The year 1844 opened with the party in a forlorn and dispirited condition, as they were practically lost in the tangle of the valleys and mountains. The grass had become so scanty and unwholesome that the overtaxed animals fell ill; some died and others were stolen by Indians, so that the party lost fifteen head of stock by the time they reached Pyramid Lake, where they camped from the 10th to the 16th of January. Here they found grass abundant, fire-wood plentiful, and from an Indian village they obtained salmon trout, a feast to the famished men. The Indians indicated the general direction of the route out of the desolate country, but no one would consent to accompany the party as guide.
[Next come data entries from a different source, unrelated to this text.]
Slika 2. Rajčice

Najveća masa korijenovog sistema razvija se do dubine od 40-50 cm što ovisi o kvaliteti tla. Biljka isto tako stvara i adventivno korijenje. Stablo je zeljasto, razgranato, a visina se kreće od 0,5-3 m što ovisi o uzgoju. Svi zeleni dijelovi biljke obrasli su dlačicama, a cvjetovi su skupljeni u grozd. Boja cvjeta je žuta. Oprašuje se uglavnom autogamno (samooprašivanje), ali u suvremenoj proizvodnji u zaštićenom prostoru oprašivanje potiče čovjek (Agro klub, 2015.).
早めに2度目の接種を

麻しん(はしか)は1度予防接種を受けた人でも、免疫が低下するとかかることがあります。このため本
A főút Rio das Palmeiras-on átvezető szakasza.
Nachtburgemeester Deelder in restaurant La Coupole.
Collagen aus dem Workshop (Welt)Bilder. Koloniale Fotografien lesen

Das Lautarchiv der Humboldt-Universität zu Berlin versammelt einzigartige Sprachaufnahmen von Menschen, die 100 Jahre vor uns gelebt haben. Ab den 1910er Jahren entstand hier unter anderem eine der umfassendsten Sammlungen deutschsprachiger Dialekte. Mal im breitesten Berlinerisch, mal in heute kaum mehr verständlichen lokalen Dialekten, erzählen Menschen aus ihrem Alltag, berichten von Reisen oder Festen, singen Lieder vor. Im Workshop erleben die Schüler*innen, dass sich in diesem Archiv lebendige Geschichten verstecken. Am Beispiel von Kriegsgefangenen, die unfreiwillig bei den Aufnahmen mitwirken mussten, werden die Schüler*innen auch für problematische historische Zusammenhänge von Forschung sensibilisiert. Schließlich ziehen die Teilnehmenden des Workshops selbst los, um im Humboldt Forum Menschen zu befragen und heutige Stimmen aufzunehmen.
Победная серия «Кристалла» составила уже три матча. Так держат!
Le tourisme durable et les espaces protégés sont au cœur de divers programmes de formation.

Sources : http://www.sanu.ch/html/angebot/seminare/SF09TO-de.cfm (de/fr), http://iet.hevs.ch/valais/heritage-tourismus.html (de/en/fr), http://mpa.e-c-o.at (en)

The region traversed continued so rough and lamed the animals so badly that on the 18th Frémont determined to abandon the easterly course, thinking it advisable to cross the Sierra Nevada to the valley of the Sacramento by the first practicable pass. Now and then a few Indians were met, and finally a guide was obtained, who led them to the southward, over a low range of mountains through a snow-covered pass into what proved to be Carson Valley. The snow deepened and the country became so broken as to make progress difficult, long, tedious detours necessary, and soon travel was only possible along high and exposed ridges, which were comparatively snow free. Finally it became necessary to abandon their mountain howitzer at an impracticable cañon that led into a valley which Frémont at first erroneously supposed to be to the westward of the Sierra Nevada. Continuing on without a guide they met other Indians, who stated it was impossible to cross the mountains on account of the deep snow, but after much persuasion, and by means of large presents, an Indian guide was finally induced to undertake the journey. Frémont, fully conscious of the desperate conditions, which entailed the possible death of all, endeavored to encourage his men by reminding them of the contrast between the fast falling snow of the surrounding Sierra Nevada and the flower-clad meadows in the adjacent valley of the Sacramento, and informed them that his astronomical observations showed that they were only sixty miles distant from Sutter's great establishment.